All of lore.kernel.org
 help / color / mirror / Atom feed
* Arm64's xen.efi vs GNU binutils (and alike)
@ 2022-07-11 14:32 Jan Beulich
  2022-07-18  7:43 ` Wei Chen
  0 siblings, 1 reply; 3+ messages in thread
From: Jan Beulich @ 2022-07-11 14:32 UTC (permalink / raw)
  To: xen-devel
  Cc: Julien Grall, Stefano Stabellini, Volodymyr Babchuk, Bertrand Marquis

Hello,

the other day I wanted to look at the basic structure of xen.efi. First
I used my own dumping tool, which didn't work. Then I used objdump,
which appeared to work. I decided that I should look into what they do
different, and whether I could make mine work as well, or whether
instead objdump is broken and shouldn't work on this sort of binary.
While I'm not fully certain yet, I'm leaning to the latter. This is
supported by GNU objcopy corrupting the binary (I assume this is known
and considered okay-ish).

Many problems boil down to the (ab)use of the DOS executable header
fields, yielding an invalid header. The first 8 bytes are instructions,
with the first carefully chosen to produce 'MZ' in its low half.
(Oddly enough Xen and Linux use different insns there.) This doesn't
play well with the meaning of the respective fields in the DOS header.
Subsequently there are a number of .quad-s, some of which again yield
an invalid DOS header. I'm therefore inclined to submit a patch to
make objdump properly fail on this binary. But of course with both
Xen and Linux (and who knows who else) using this hairy approach, it
may end up necessary to continue to "support" this special case,
which is why I'm seeking your input here first.

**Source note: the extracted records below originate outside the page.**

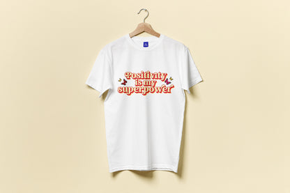 Feel the soft embrace of our adult cotton unisex tee, proudly featuring 'Positivity is my superpower.' Available in sizes XS-XL, it's your daily reminder to radiate optimism.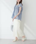 マーメイドシルエットやフレアラインのスカートにウエストインして頂くと、女性らしさが引き立つ上品スタイルに◎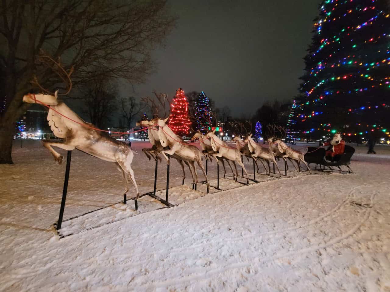 A glowing Santa and his reindeer display at Victoria Park's Lighting of the Lights in London, Ontario. This festive scene brings holiday magic to the park during the annual light display.

Furthermore the fake .reloc section overlaps the file header. The
section is zero size (i.e. empty), but a reasonable PE loader might
still object to its RVA being zero.

As to objcopy: It shrinks the binary significantly in size, removes
the dummy .reloc section, re-writes fair parts of the DOS header,
and extends the NT header resulting in the file position of .text
changing. The size reduction and possibly the movement of .text may
be okay as long as the resulting binary is to only be used with UEFI
(as it's due to zapping of the embedded DTB and the unnecessary zero-
filling of .bss, afaict), but my understanding is that the other
adjustments are all fatal to the usability of the binary even on
UEFI.

I may easily have forgotten further anomalies.

Jan


^ permalink raw reply	[flat|nested] 3+ messages in thread

* Re: Arm64's xen.efi vs GNU binutils (and alike)
  2022-07-11 14:32 Arm64's xen.efi vs GNU binutils (and alike) Jan Beulich
@ 2022-07-18  7:43 ` Wei Chen
  2022-07-18  8:37   ` Jan Beulich
  0 siblings, 1 reply; 3+ messages in thread
From: Wei Chen @ 2022-07-18  7:43 UTC (permalink / raw)
  To: Jan Beulich, xen-devel
  Cc: Julien Grall, Stefano Stabellini, Volodymyr Babchuk, Bertrand Marquis

Hi Jan,

On 2022/7/11 22:32, Jan Beulich wrote:
> Hello,
> 
> the other day I wanted to look at the basic structure of xen.efi. First
> I used my own dumping tool, which didn't work. Then I used objdump,
> which appeared to work. I decided that I should look into what they do
> different, and whether I could make mine work as well, or whether
> instead objdump is broken and shouldn't work on this sort of binary.
> While I'm not fully certain yet, I'm leaning to the latter. This is
> supported by GNU objcopy corrupting the binary (I assume this is known
> and considered okay-ish).
> 

Did you use x86's objcopy? AArch64 GNU objcopy does not support any
PE format file. So I'm curious about the version of objcopy you are using.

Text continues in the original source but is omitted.